The phantasmagorical Concerto for Orchestra is at first a sort of ‘Rhapsody in glowing Red’ (rather than Blue). Hyper-active textures, febrile activity and blazing jazziness are its hallmarks. The effect can be summarised as Shostakovich's Preludes and Second Piano Concerto meet William Schuman meets Rite of Spring meets Bernstein's Candide. The jazziness suggests acquaintance with the works of Nikolai Kapustin whose piano concertos we also need to hear. After hectic rushing action (which is to return in the last five minutes of this succinct work) you can relax into a great lush bed of healing string sound at 3.45. It is here that the jazz-muted trumpet sings a querulous melody somewhere between Nights in the Gardens of Spain and Borodin's steppes. The double bass sidles unapologetically onto the scene and yearns along to the same theme. It is much to Rodion Azarhin's credit that he makes such a touching contribution (7.37). The wide-striding brass, strings and percussion and blaring triumph of the finale is gloriously enjoyable. It is like a cross between Rachmaninov's Symphonic Dances and Gershwin.
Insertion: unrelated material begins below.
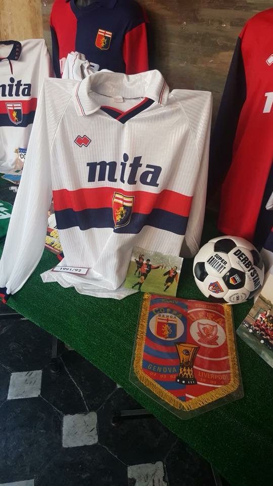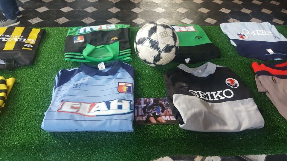 “Si potrà ammirare anche la splendida maglia di Juan Carlos Verdeal, una sorta di camicia, indossata dal calciatore nella tournée della squadra Rossoblù in America Centrale”, prosegue Andrea sempre più orgoglioso nel tono, “gara giocata a Città del Messico l’11 giugno del 1950 contro la Nazionale Messicana e terminata 3-1 per i padroni di casa. Il calciatore, pur non essendo più tesserato del Genoa, venne comunque aggregato alla spedizione. Ci saranno anche delle riproduzioni di alcune maglie degli anni ‘40 riprodotte a fine anni ’60, utilizzate per una mostra rievocativa in Germania sul connubio sport-nazifascismo: davvero una curiosità unica. Ovviamente ci saranno spille, gagliardetti, palloni, scarpini, figurine e oggettistica varia della squadra più antica d’Italia, un vero tuffo nella memoria”.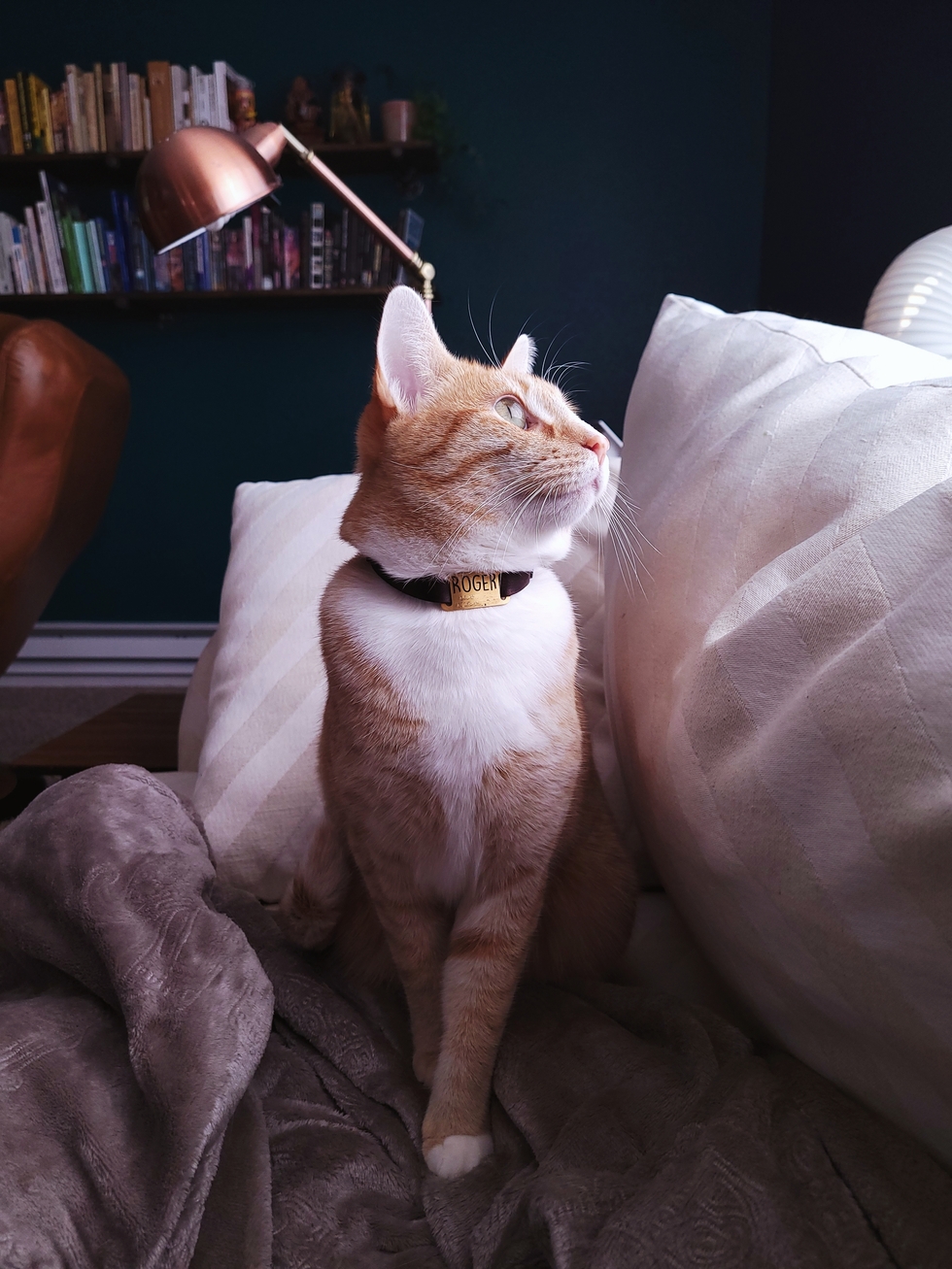 Pet's Story or BioRoger came to us as a foster from Tacoma Humane, along with her three, 4 day old kittens. She was such a great mom and clearly understood that we were there to help her and her babies. Every time we brought them food or water she would pur and nuzzle us. She needed some momma time too though, every evening around 7pm she would take a break from the little ones and come downstairs to curl up with us and get snuggles and pets. I fell in love with her and decided that we had to keep her. We adopted her and one of her babies and she is the coolest cat I've ever met. She still always shows up for her evening cuddle sesh.

The Second Piano Concerto is in three short movements is aggressive and full of impact and fire chased rhythmic action. The level of dissonance is high in comparison to the Concerto for Orchestra. While the symphony and the Concerto for Orchestra are in stereo this is in mono - vivid and gaudily lit.
The Seventh Symphony (I believe that it is the latest) emerges from a sour malcontented dissonance soon embracing a hushed lyricism warmed by consolation. There are no popular culture invasions here unlike The Circle. The Symphony is a serious-minded and extremely concentrated piece. At 8.30 meditation is cast aside and a vexed irritable and gritty velocity bubbles to the surface. At 13.00 the music settles back into quietude with vibraphone and xylophone colouring the scenery. A heroic determination empowers the swaying power of the craggy brass line running strongly from 18.10 onwards. I find it intriguing that the contemporaneous concertos for Flute and Double Bass are much more dissonant than this work. The Symphony is much closer to Rubbra and Boiko than to the wilder shores of Krennikhov or Vainberg. This is a very fine work indeed being wonderfully sustained across 33 minutes. Highly recommended. The conductor as for the other two works on this disc is Yevgeny Svetlanov. While the other two works come from LP-era recordings this one is quite new.
If you like driven and neon dramatic music this is for you. Into the bargain you get recordings of two world premiere live events.